- **Supplied information**
↓

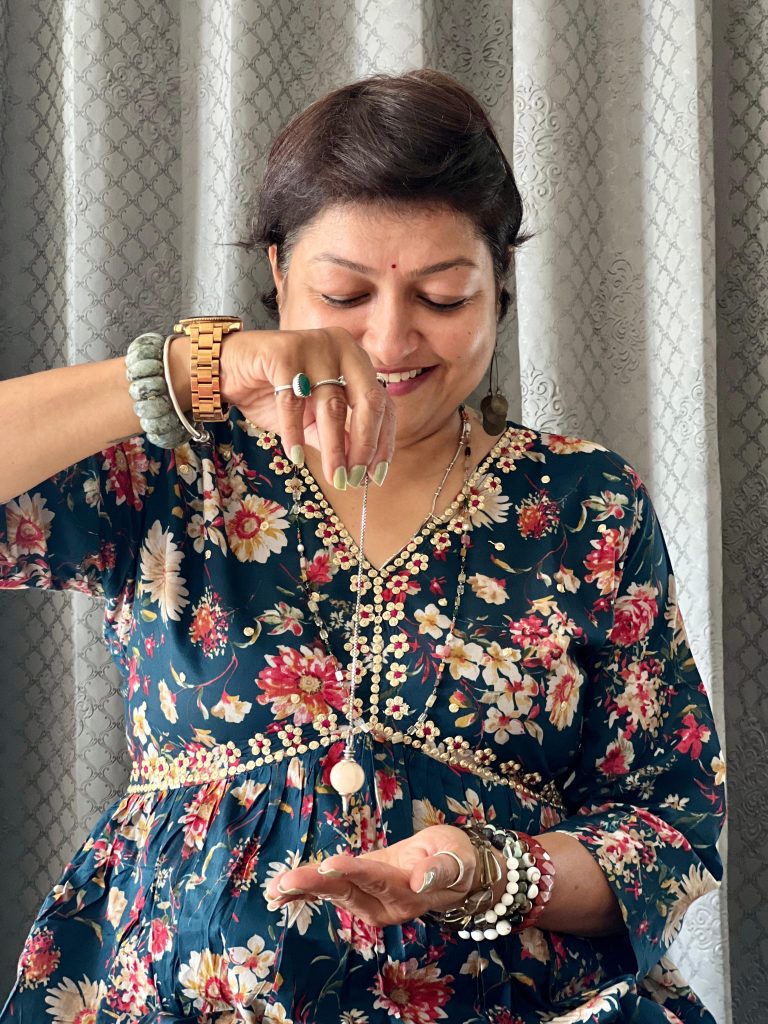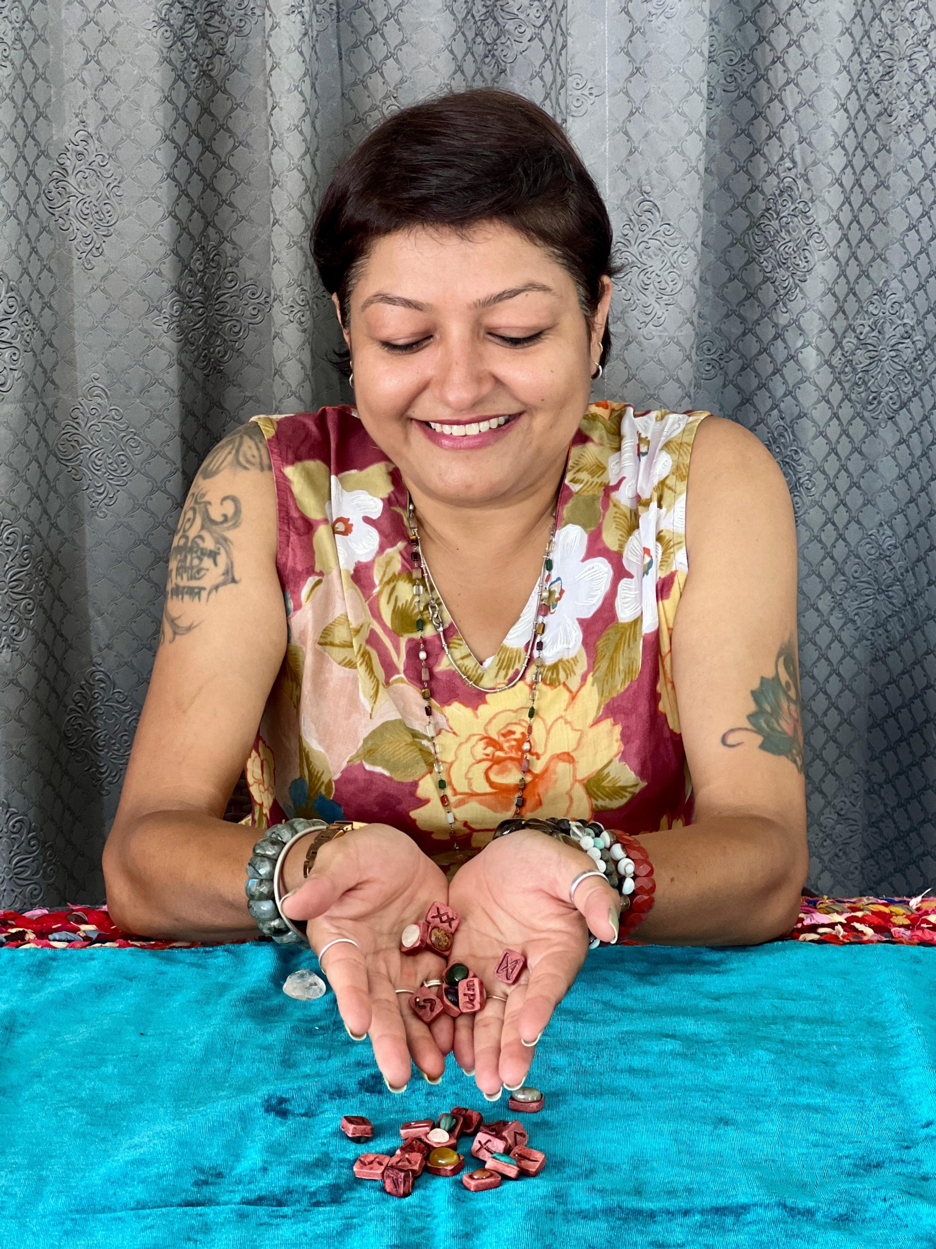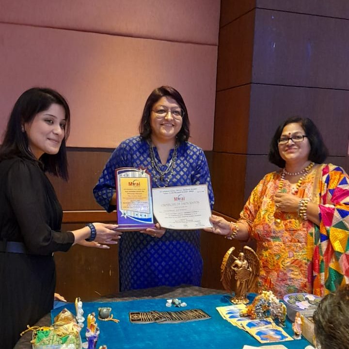 Ms. Devangi Bhojani has an academic background in Bachelors in Commerce (B. Com) & is a Certified Tarot Card expert since 2008, Runes Reader, Numerologist, Crystal Therapist, Reiki Grand Master, Lama Fera Teacher, Money Reiki teacher, Access Bars Practitioner, Vastu consultant, Pendulum Dowser, Jars/Herbs & Oils based in Ahmedabad, Gujarat.
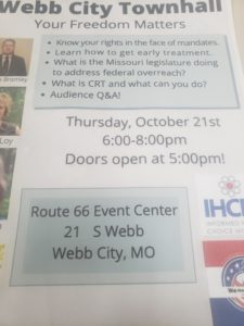 Items discussed at the event include a discussion of your rights in the face of mandates, learn how to get early treatment, questioning what the Missouri legislature is doing to address federal overreach, what critical race theory is and what you can do, and an audience Q and A.
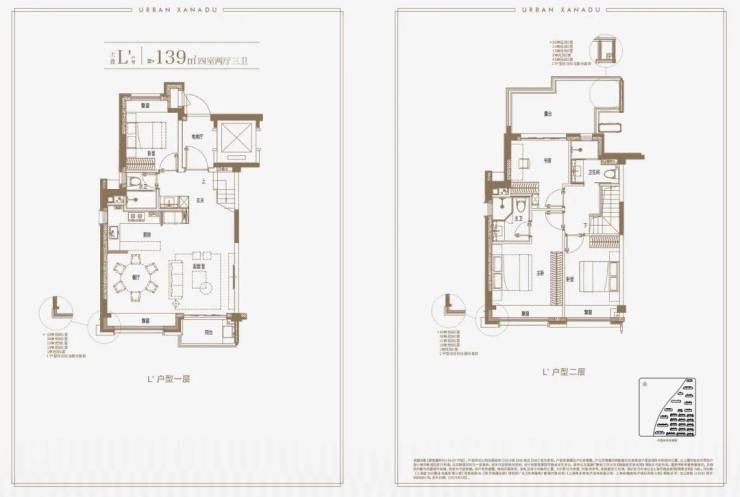 建面约139㎡上叠户型,三层是会客区,四层是居住区,阳台+露台+多个飘窗设计,附加空间非常大,在别墅类产品中实属罕见!

↑

Produce the full material again verbatim, with the pictures dropped.

 Ms. Devangi Bhojani has an academic background in Bachelors in Commerce (B. Com) & is a Certified Tarot Card expert since 2008, Runes Reader, Numerologist, Crystal Therapist, Reiki Grand Master, Lama Fera Teacher, Money Reiki teacher, Access Bars Practitioner, Vastu consultant, Pendulum Dowser, Jars/Herbs & Oils based in Ahmedabad, Gujarat.
 Items discussed at the event include a discussion of your rights in the face of mandates, learn how to get early treatment, questioning what the Missouri legislature is doing to address federal overreach, what critical race theory is and what you can do, and an audience Q and A.
 建面约139㎡上叠户型,三层是会客区,四层是居住区,阳台+露台+多个飘窗设计,附加空间非常大,在别墅类产品中实属罕见!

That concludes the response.